Task: Make an exact copy, from the records below, of the lines from the line containing "Oko 13 sati" to the line containing "forse hai il", both lines included, excluding pictures.

Data:
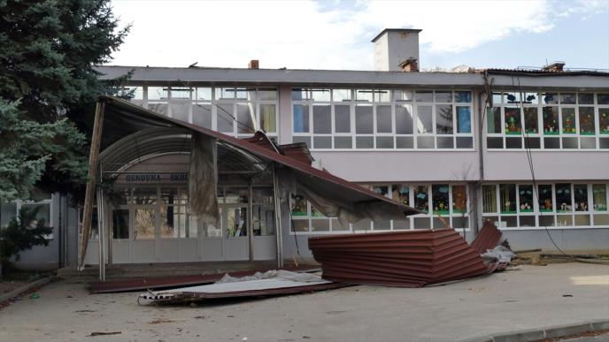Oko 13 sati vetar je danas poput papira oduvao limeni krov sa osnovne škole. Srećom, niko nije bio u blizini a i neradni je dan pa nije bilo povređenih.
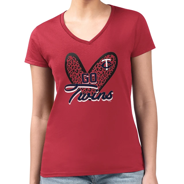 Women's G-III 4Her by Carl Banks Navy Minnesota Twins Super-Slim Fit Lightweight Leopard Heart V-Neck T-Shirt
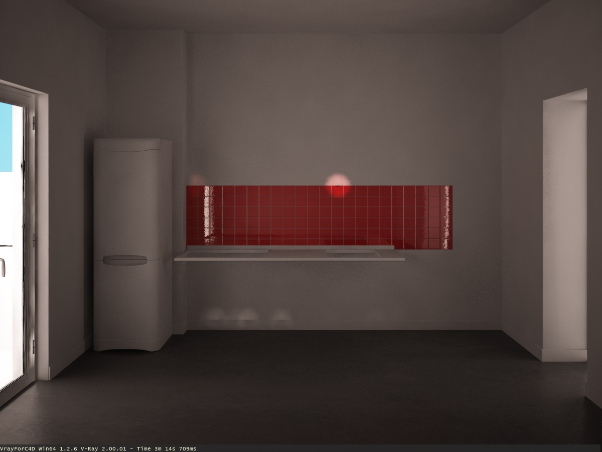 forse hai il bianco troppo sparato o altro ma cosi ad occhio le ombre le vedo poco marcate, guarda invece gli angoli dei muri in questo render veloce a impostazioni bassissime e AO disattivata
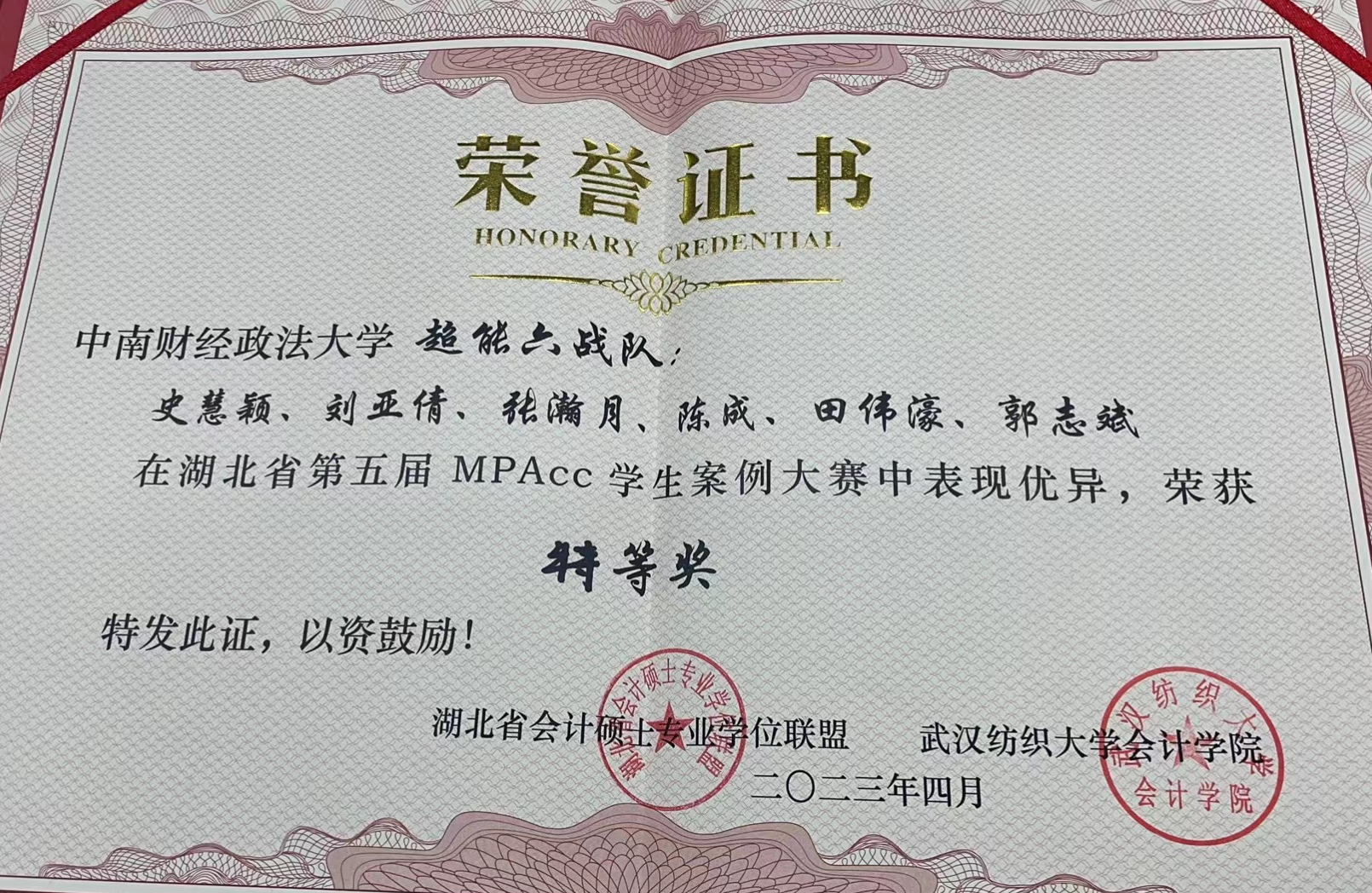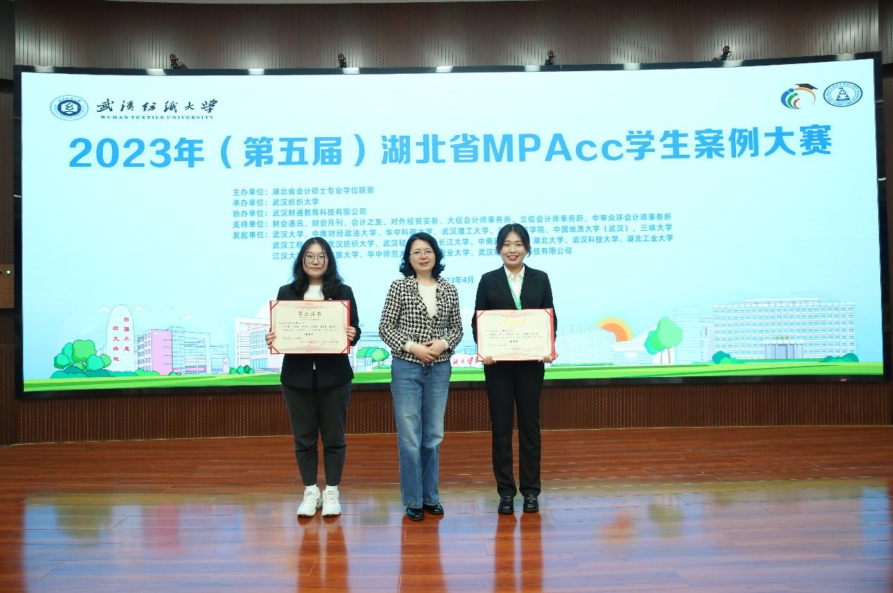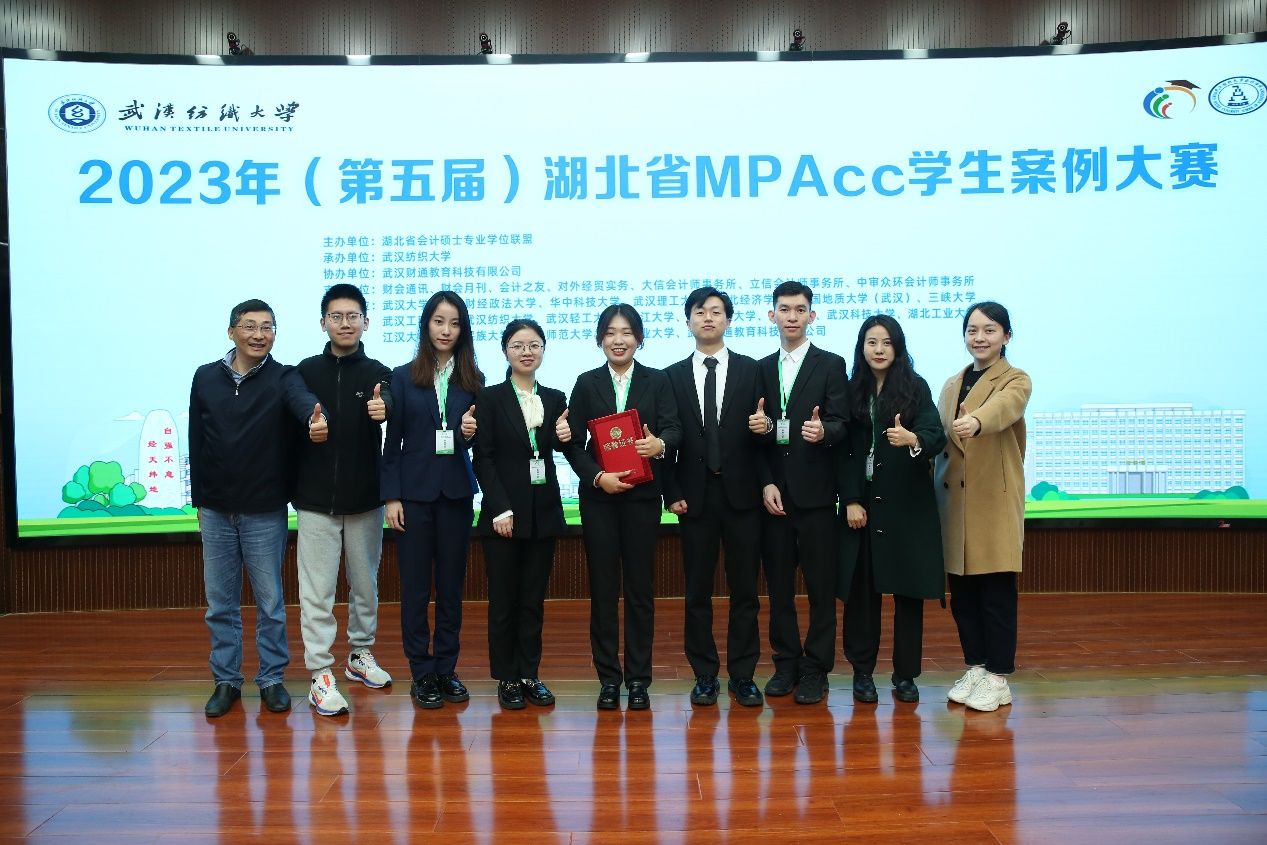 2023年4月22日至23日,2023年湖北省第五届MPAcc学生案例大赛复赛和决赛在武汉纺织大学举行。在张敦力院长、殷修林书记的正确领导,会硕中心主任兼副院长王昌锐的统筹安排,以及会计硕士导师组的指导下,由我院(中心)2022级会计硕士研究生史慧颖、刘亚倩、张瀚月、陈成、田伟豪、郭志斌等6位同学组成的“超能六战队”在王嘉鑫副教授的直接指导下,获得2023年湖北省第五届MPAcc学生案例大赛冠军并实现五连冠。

---

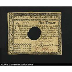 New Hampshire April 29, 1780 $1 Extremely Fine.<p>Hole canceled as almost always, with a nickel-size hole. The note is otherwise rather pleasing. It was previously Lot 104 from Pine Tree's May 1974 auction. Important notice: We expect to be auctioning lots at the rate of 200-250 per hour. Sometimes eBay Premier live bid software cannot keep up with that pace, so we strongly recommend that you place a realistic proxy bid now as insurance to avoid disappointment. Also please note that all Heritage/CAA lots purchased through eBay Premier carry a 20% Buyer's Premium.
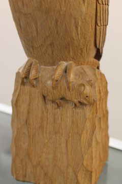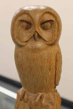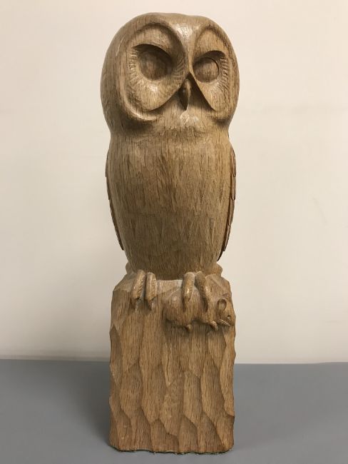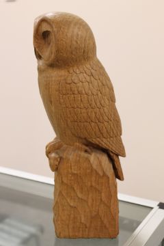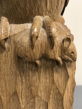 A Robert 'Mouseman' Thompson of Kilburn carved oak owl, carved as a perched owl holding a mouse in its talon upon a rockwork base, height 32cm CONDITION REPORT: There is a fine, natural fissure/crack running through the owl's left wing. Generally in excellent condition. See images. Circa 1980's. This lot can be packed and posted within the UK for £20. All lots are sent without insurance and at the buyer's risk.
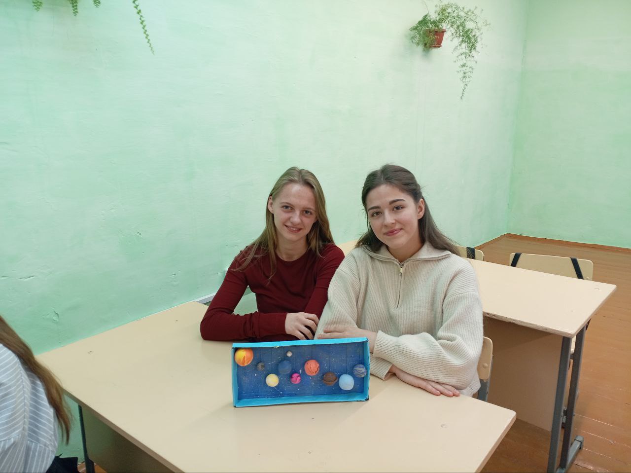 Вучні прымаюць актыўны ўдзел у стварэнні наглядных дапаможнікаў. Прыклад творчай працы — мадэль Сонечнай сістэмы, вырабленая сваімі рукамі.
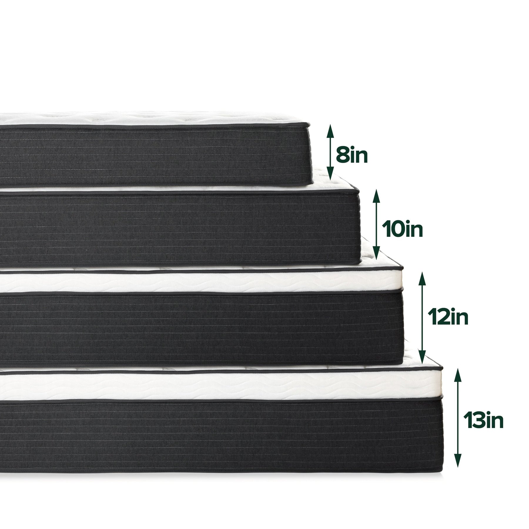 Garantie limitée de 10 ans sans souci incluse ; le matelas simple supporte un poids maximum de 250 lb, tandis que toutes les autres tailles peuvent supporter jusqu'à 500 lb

Written solution:
Oko 13 sati vetar je danas poput papira oduvao limeni krov sa osnovne škole. Srećom, niko nije bio u blizini a i neradni je dan pa nije bilo povređenih.
 Women's G-III 4Her by Carl Banks Navy Minnesota Twins Super-Slim Fit Lightweight Leopard Heart V-Neck T-Shirt
 forse hai il bianco troppo sparato o altro ma cosi ad occhio le ombre le vedo poco marcate, guarda invece gli angoli dei muri in questo render veloce a impostazioni bassissime e AO disattivata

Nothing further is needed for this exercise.